::: Data provided :::

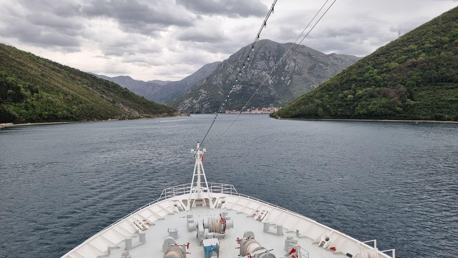 Entlang der kroatischen Küste ging es in einer stürmischen Nacht, in der uns die kleine MS Hamburg demonstrierte, was bei einem Schiff stampfen und rollen heißt, nach Montenegro. Das Wetter wird gnädiger. Die See ist noch rauh, aber das Schaukeln lässt im Laufe des Vormittags doch nach. Die Fahrt führt hinein in die Bucht von Kotor, eher ein verzweigtes Netz von Meeresarmen, gerne auch als einziges oder längstes Fjord des Mittelmeeres bezeichnet.
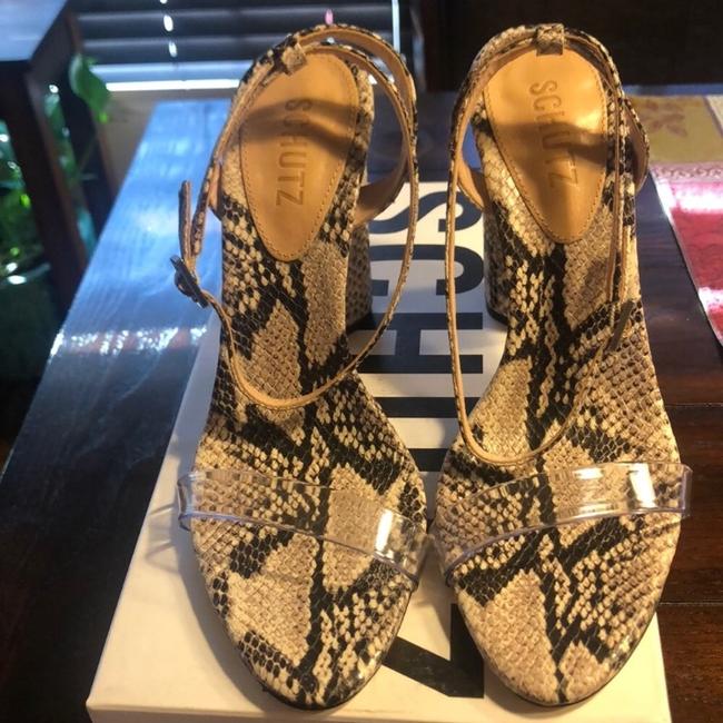 Schutz Quelen Fabric Sandals Multi Yellow Transparent Block Heeled Open Toe
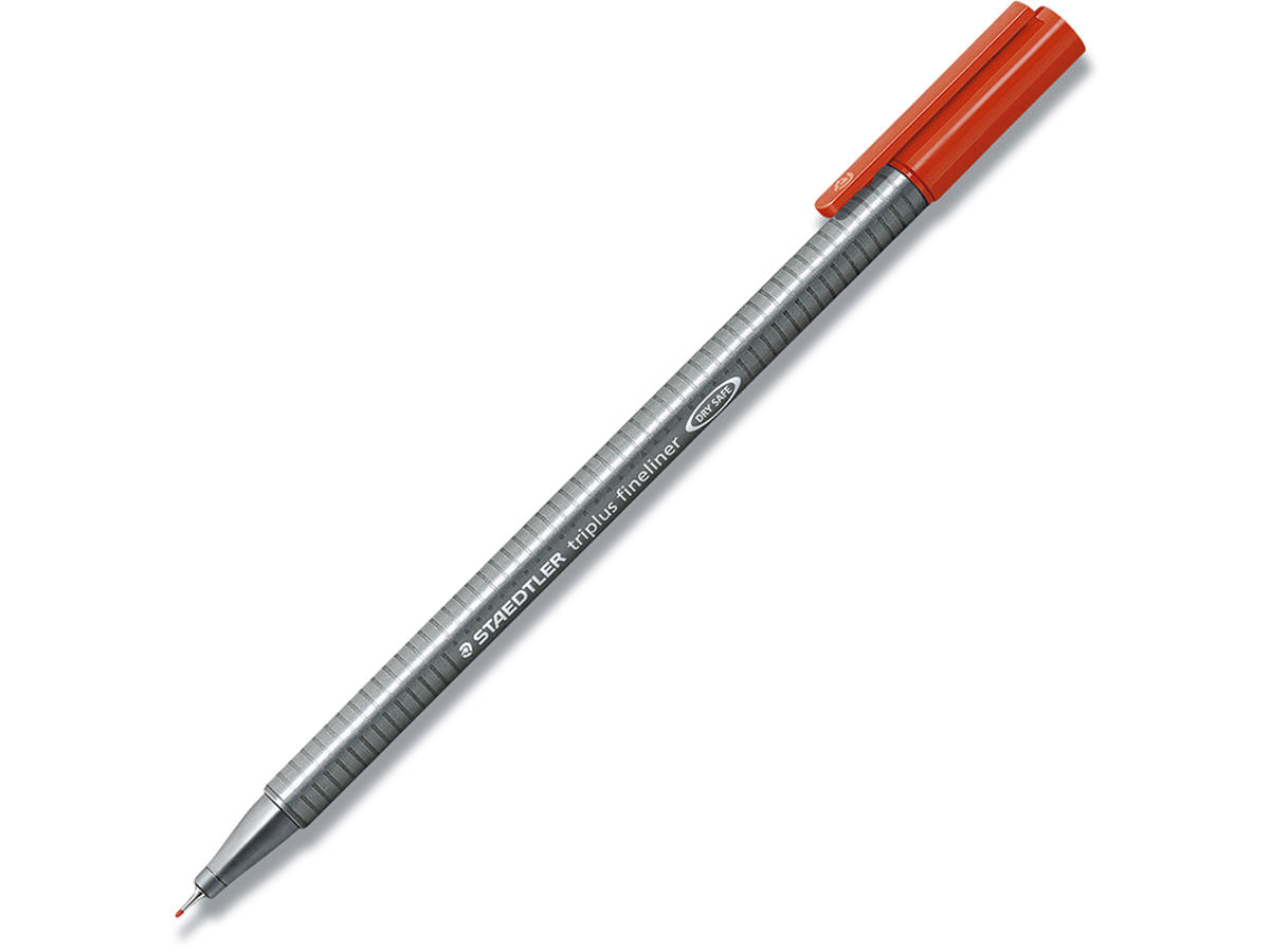 triplus® fineliner med superfin forstærket metalspids i ergonomisk trekantet form til tegning, skrivning, farvelægning, scrapbooking, kortskrivning og meget andet. Finelineren kan ligge uden hætte i dagevis uden at udtørre og har en lang levetid. Den har vandbaseret blæk og kan nemt vaskes ud af de fleste tekstiler. Automatisk trykudligning forhindrer pennen i at lække i ekstreme højder - fx ombord på fly. Stregbredde 0.3 mm.
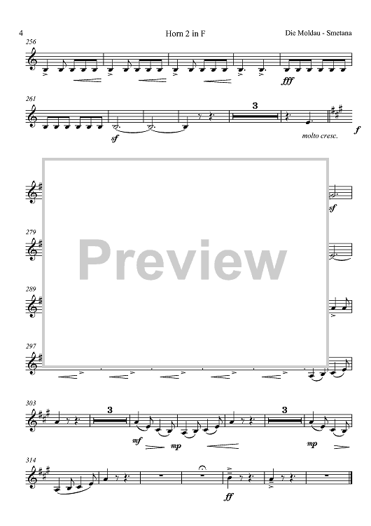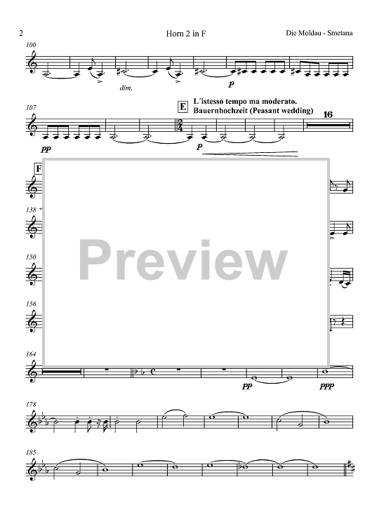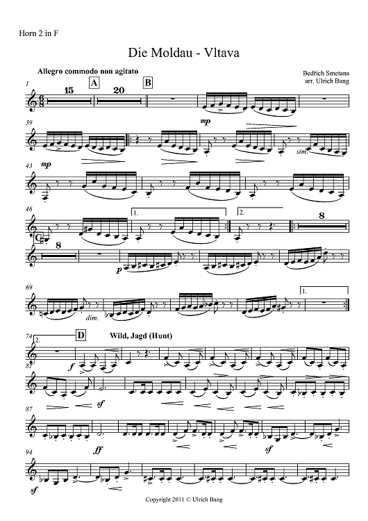 Digital Sheet Music for Die Moldau - Vltava - Horn in F 2 by , Bedrich Smetana, Ulrich Bang scored for Brass Ensemble; id:419955

:::

Activity - An exact copy is needed of the lines running from the one containing "Schutz Quelen Fabric" through the last line of the material, and of no others; pictures stay out.

Answer to this task -
 Schutz Quelen Fabric Sandals Multi Yellow Transparent Block Heeled Open Toe
 triplus® fineliner med superfin forstærket metalspids i ergonomisk trekantet form til tegning, skrivning, farvelægning, scrapbooking, kortskrivning og meget andet. Finelineren kan ligge uden hætte i dagevis uden at udtørre og har en lang levetid. Den har vandbaseret blæk og kan nemt vaskes ud af de fleste tekstiler. Automatisk trykudligning forhindrer pennen i at lække i ekstreme højder - fx ombord på fly. Stregbredde 0.3 mm.
 Digital Sheet Music for Die Moldau - Vltava - Horn in F 2 by , Bedrich Smetana, Ulrich Bang scored for Brass Ensemble; id:419955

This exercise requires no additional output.